Picrust2: Removed 3,751 input sequences aligned poorly to reference sequences

kkl45 · June 26, 2023, 12:35pm

I am trying to use my output from Qiime2 in picrust 2.

In total i have around 9,000 input sequences.

Is 3,751 being removed/aligning poorly means I am doing something wrong or if that level of filtering is normal?

MY first time using picrust2, and wondering if I am inputing the data wrong or something?
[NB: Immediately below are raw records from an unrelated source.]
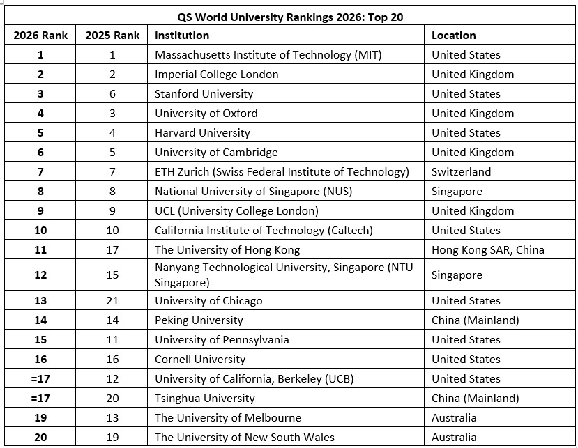 Celosvětově se zatím na špici drží americké univerzity, již po čtrnácté v řadě je na prvním místě americký Massachusets Institute of Technology (MIT). Na druhém místě pak Imperial College London ve Velké Británii a na třetím místě Stanford University z USA.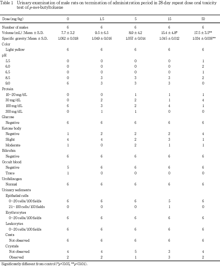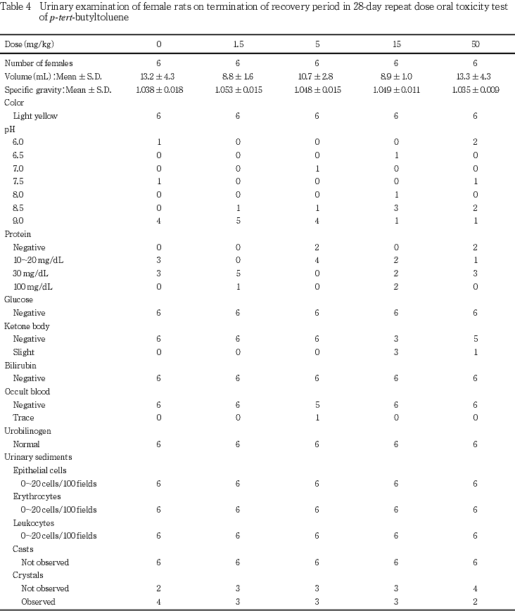 血液生化学検査において,5 mg/kg群の雄で尿素窒素および無機リンの高値,15 mg/kg群の雄で尿素窒素および無機リンの高値,雌でCaの低値,50 mg/kg群の雄でNaの低値,尿素窒素,クレアチニンおよび無機リンの高値,雌でKおよびCaの低値がみられた.また,50 mg/kg群の雌で腎臓の相対重量の高値がみられた.したがって,腎臓の病理組織学的変化はみられないものの,ρ-tert-ブチルトルエンは腎機能に影響を及ぼすと考えられる.回復期間終了時には,上記の血液生化学検査の変化および雌における腎臓の相対重量の変化は消失した.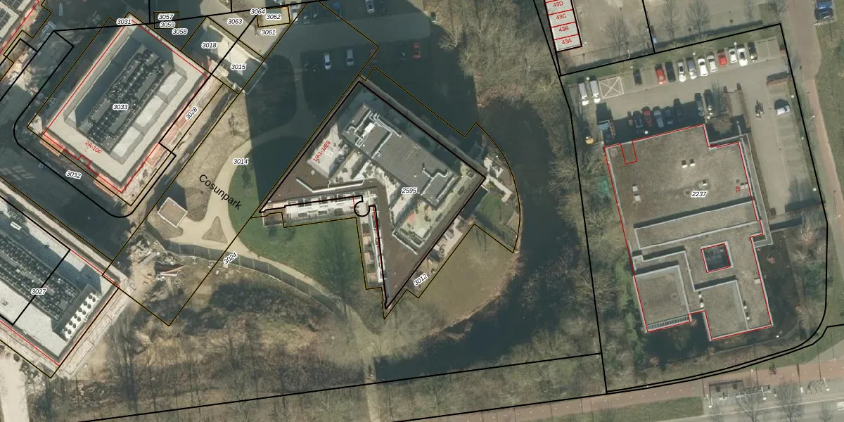 Cosunpark 1-A4 is gelegen op kadastraal perceel PCH00P2595. Deze kadastrale aanduiding is uniek en wordt gebruikt door het Kadaster om eigendomsrechten en andere zakelijke rechten vast te leggen. Het perceel maakt onderdeel uit van de kadastrale gemeente Princenhage.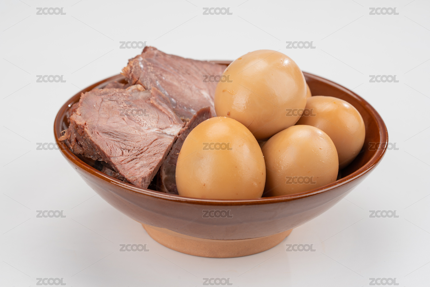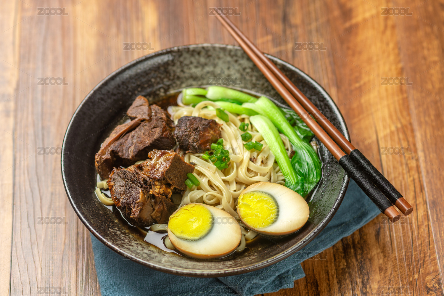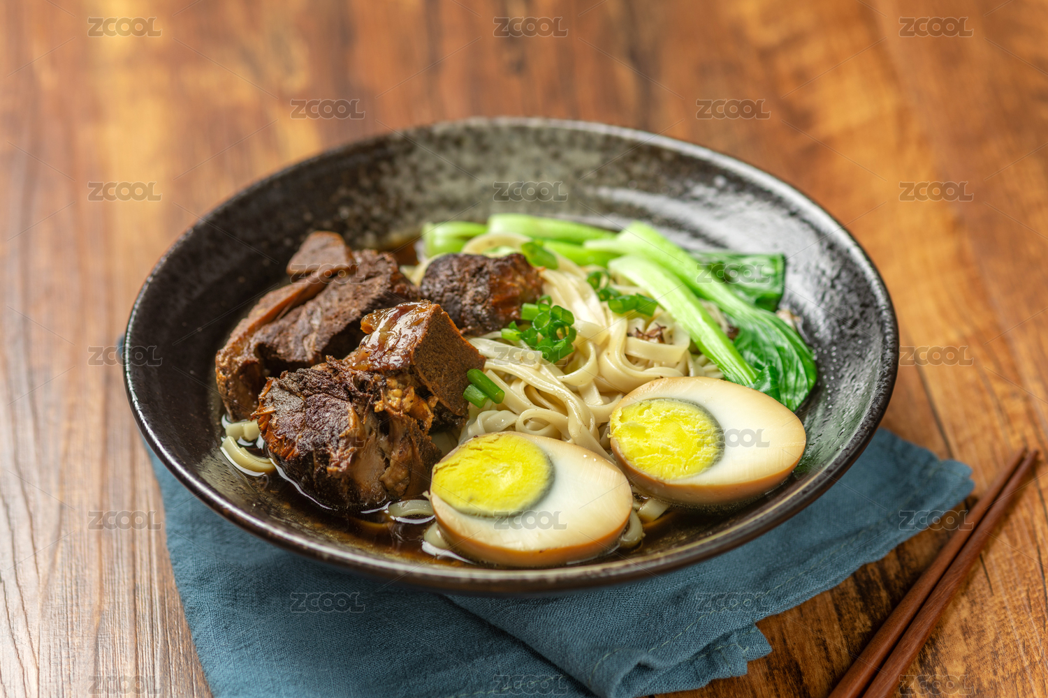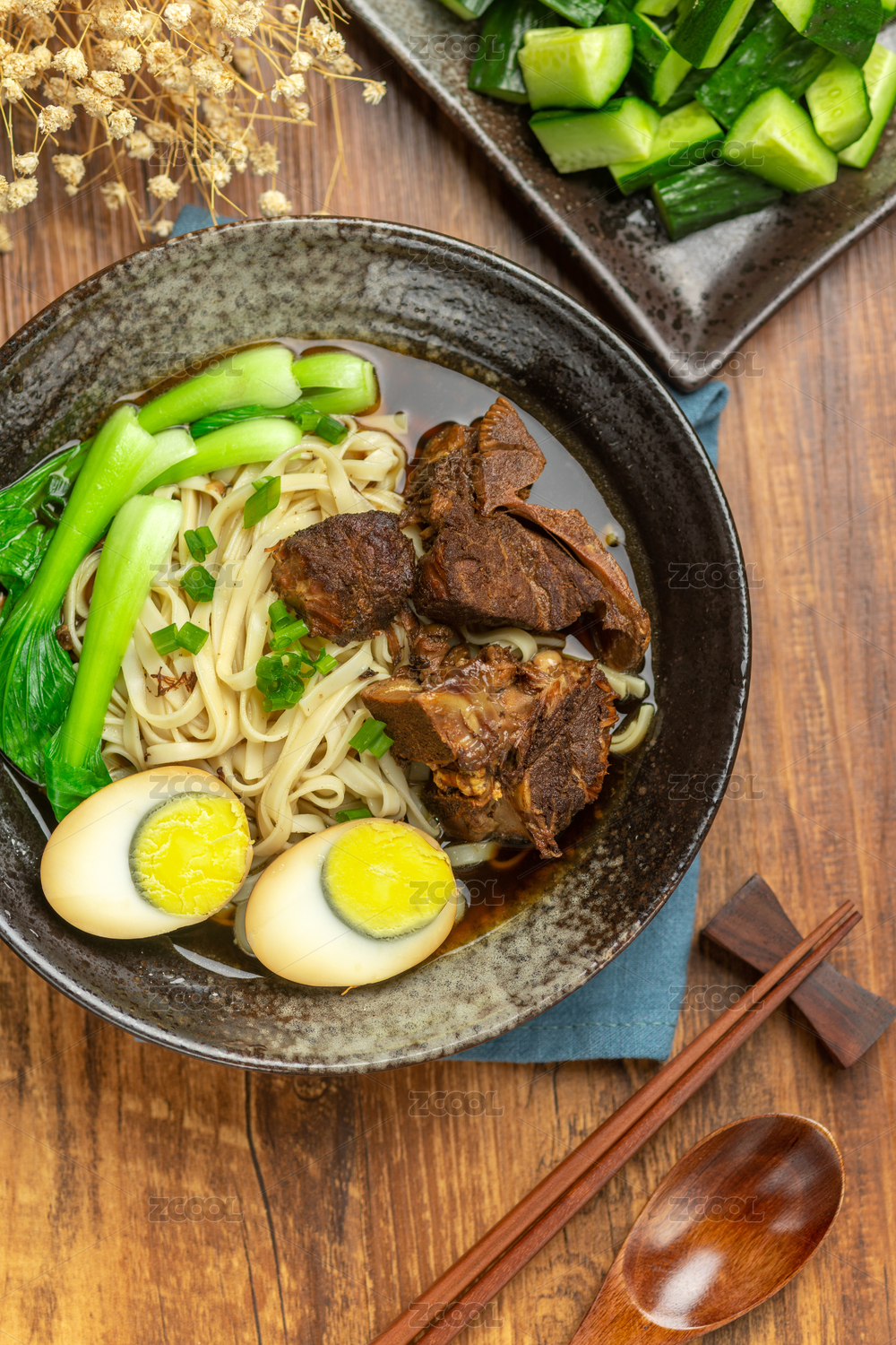排骨卤蛋面摆放在木桌面上旁边放有拌黄瓜

(picrust2) picrust2_out_pipeline % place_seqs.py -s ../seqs.fna -o out.tre -p 1 \ 
              --intermediate intermediate/place_seqs
**Warning - 3751 input sequences aligned poorly to reference sequences** (--min_align option specified a minimum proportion of 0.8 aligning to reference sequences). These input sequences will not be placed and will be excluded from downstream steps

crusher083 · June 26, 2023, 12:54pm

Depends on the input, environment of the samples, etc.
That means, that in your sample that many sequences don't have a good reference within PICRUSt2. Be careful with interpretation, because 40% of your data won't be used for predictions.

Cheers
V

kkl45 · June 26, 2023, 4:45pm

i see. is this range typical? or hard to say without more context? I used the following:

FASTQ reads were trimmed, and then filtered to remove reads containing Ns, or with maximum [expected errors] >=2.
For ASVs passing inference, chimeras were removed before taxonomic assignment
Samples with fewer than 1,000 sequences were discarded.
ASVs accounting for less than one millionth of all pass-filter reads were discarded

im wondering if there is any quality check i can do to ensure the samples are adequate?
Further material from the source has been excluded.